▶ [Problem requirements] Please output exactly the lines from the one that holds "Por consiguiente, determinar" through the final line of the data, and nothing else; leave out any pictures.

▶ [Data block]
================================
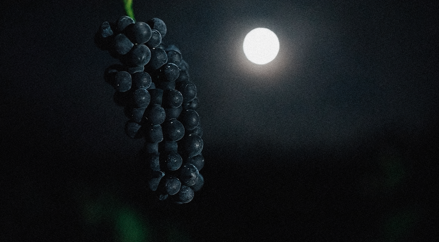 The Moon is an important symbol for NOIR: We harvest under the Full Moon. The gravitational force of the Full Moon pulls water and nutrients from the soil into the vines and creates the juiciest grapes to hand-pick
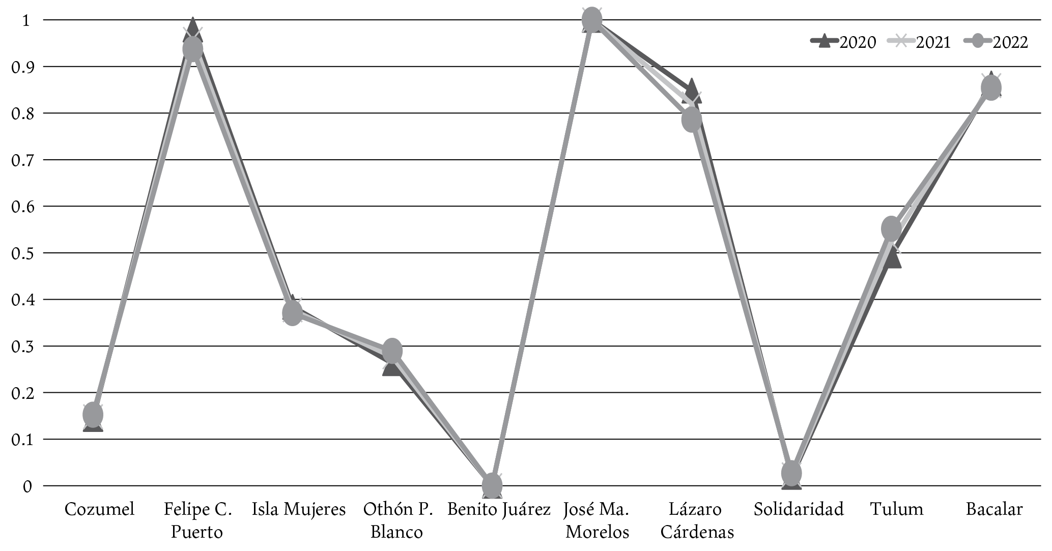 Por consiguiente, determinar la vulnerabilidad municipal en Quintana Roo, además de conocer su relación con los efectos de la Covid-19, es necesaria para focalizar el diseño de políticas públicas que permitan un uso eficiente y coherente de los recursos materiales, monetarios y de capital humano. No obstante, al final del primer semestre de 2022, el escenario respecto a la Covid-19 es desigual; algunos países comienzan a reportar rebrotes de contagios –entre ellos México–, y otros más continúan en su lucha por tener mayor acceso a las vacunas. Situación que, sumado a las alteraciones de las cadenas de suministro, consecuencia del conflicto bélico entre Rusia y Ucrania y la reaparición de viejos virus como la viruela del mono, augura un panorama al corto plazo poco prometedor. En consecuencia, los resultados obtenidos son de gran importancia para el análisis y la identificación del nivel de la vulnerabilidad municipal, lo cual resultará una herramienta necesaria e imprescindible en la toma de decisiones.
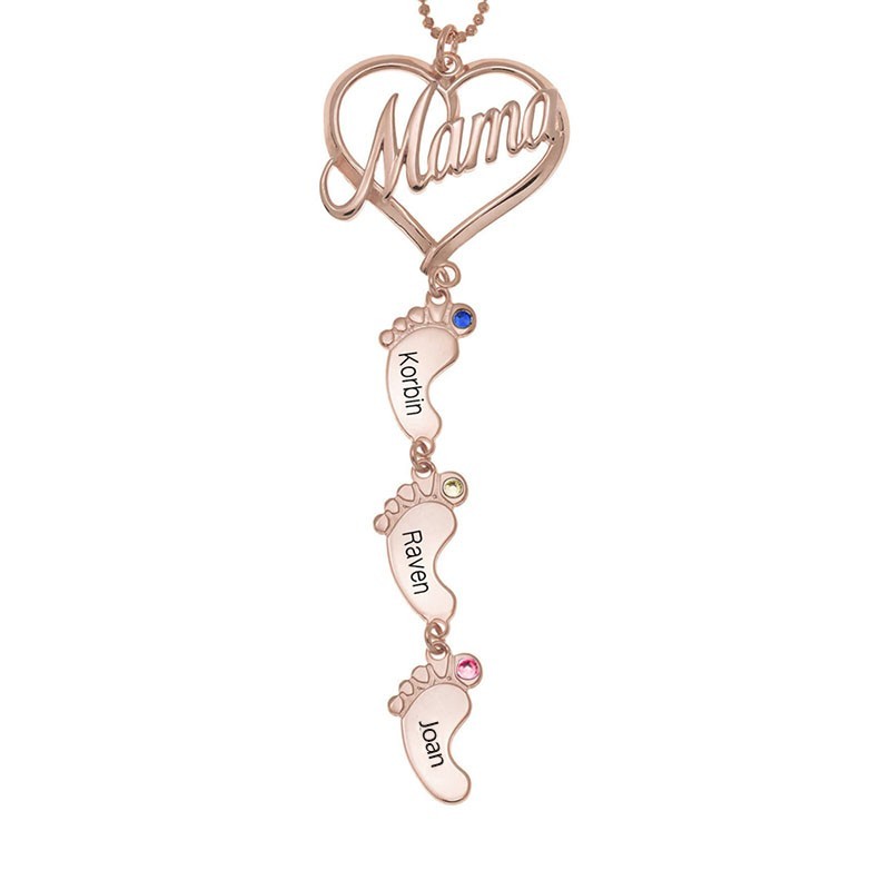 Personalised Mama Name Birthstone Necklace with Baby Feet Pendants Mother's Day Gift Ideas
================================
▶ [Response area]
 Por consiguiente, determinar la vulnerabilidad municipal en Quintana Roo, además de conocer su relación con los efectos de la Covid-19, es necesaria para focalizar el diseño de políticas públicas que permitan un uso eficiente y coherente de los recursos materiales, monetarios y de capital humano. No obstante, al final del primer semestre de 2022, el escenario respecto a la Covid-19 es desigual; algunos países comienzan a reportar rebrotes de contagios –entre ellos México–, y otros más continúan en su lucha por tener mayor acceso a las vacunas. Situación que, sumado a las alteraciones de las cadenas de suministro, consecuencia del conflicto bélico entre Rusia y Ucrania y la reaparición de viejos virus como la viruela del mono, augura un panorama al corto plazo poco prometedor. En consecuencia, los resultados obtenidos son de gran importancia para el análisis y la identificación del nivel de la vulnerabilidad municipal, lo cual resultará una herramienta necesaria e imprescindible en la toma de decisiones.
 Personalised Mama Name Birthstone Necklace with Baby Feet Pendants Mother's Day Gift Ideas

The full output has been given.